2013年と2018年の場合を比べると、
一貫してチベットを支持したのが、オーストラリア、カナダ、フランス、ドイツ、日本、ニュージーランド、スイス、イギリス、アメリカで、言及がなくなったのが、チェコ、アイルランド、ポーランド、新たに言及してくれたのが、オーストリア、ベルギー、デンマーク、スエーデンである。
日本がこの中に入っているのにはチベット・ロビーのお力が大きい。関係者各位の努力に深く敬意を表したい。
・チベット議員連盟初決議(11/20)
ダライラマ法王が来日された11月にあわせて、チベット議員連盟(90名から構成。名前は非公開。だって中国が脅迫するから 爆笑) が、ダライラマの非暴力の訴えに共感し、各国議会で決議された共同アクションを支持し、チベット問題にコミットメントしていくという決議を行った(詳細はここ)。
・ 世界人権デーデモ(12/8)
12月8日の世界人権デー(12/10)にあわせたデモには、顔を隠したウイグルの方がたくさん参加されたという。 中国政府はこれまでもウイグル人を強制収容所へと送り込んでいたが、10月15日に この「再教育」を法制化したことを受け、10/12から二日間、BBCがこの「ウイグル人100万人収容所送り込み問題」をとりあげた。
私も録画して授業の教材としたが、ここ数年で、数万人単位を収容できる収容所があちこちに建設され、100万人のウイグル人が送り込まれている。過激思想に汚染されないように中国語や中国政府を愛国するように「再教育」することが目的であるという。 ある日突然お父さんやお兄さんが収容所につれていかれて、その家の前には当局が貼った「教育を受けているから安心して」みたいなビラが翻る。一言でまとめると「いつの時代だよ」という状況。

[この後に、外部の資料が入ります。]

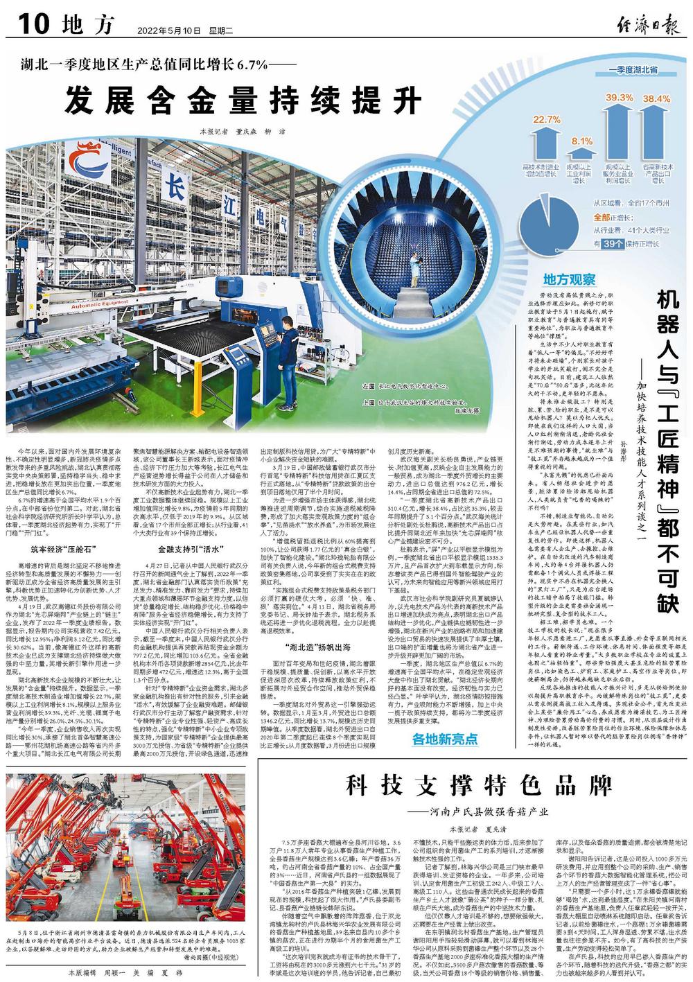 “今年一季度,企业销售收入再次实现同比增长30%,承接了湖北首条智慧高速公路——鄂州花湖机场高速公路等省内外多个重大项目。”湖北长江电气有限公司长期聚焦智慧能源解决方案、输配电设备智造领域,该公司董事长王新城表示,面对疫情冲击、经济下行压力加大等考验,长江电气生产经营逆势增长得益于公司在人才储备和技术研发方面的大力投入。

こんな事態であるため、ウイグル人が人権デーのデモにくるわけだが、沿道からは「中国でやれ」とヤジる高齢男性がいたという。統合失調症の妄想でもなんでもなく現代の中国はリアルなオーエルの『1984年』社会である。ネットもケータイも当局の管理下におかれ、政府を批判すれば即ムショ入り。中国政府を動かすことができるのは外圧だけだから、ウイグル人もチベット人も日本で声をあげているのであり、そのあたりをご理解いただくのもデモの目的である。
まとめ。
チベット仏教によって育まれた高僧の人格は、世界中の多くの人々に気づきを与えており、チベット仏教の思想とそれによって作り出される人材は人類の共通の無形文化遺産である。元、清の皇帝の傍らにおいてモラルを説いてきたのはチベット仏教である。チベット仏教は不完全な人類にとって他の世界宗教同様必要な教えであり、いつの時代でも決して古びることはない。問題山積の世界情勢をみてもそれは明らかである。
来年は少しでも状況が改善しますように。
関係各位、お疲れ様でした。
今年もチベットをあなたのおそばに。SFTJapanのチベット・カレンダーがでました。 今年のカレンダーの表紙は中国共産党が入ってくる前に存在したラサの仏塔ゲート(パルゴカリン)の古写真を現在のポタラ宮と合成したもの。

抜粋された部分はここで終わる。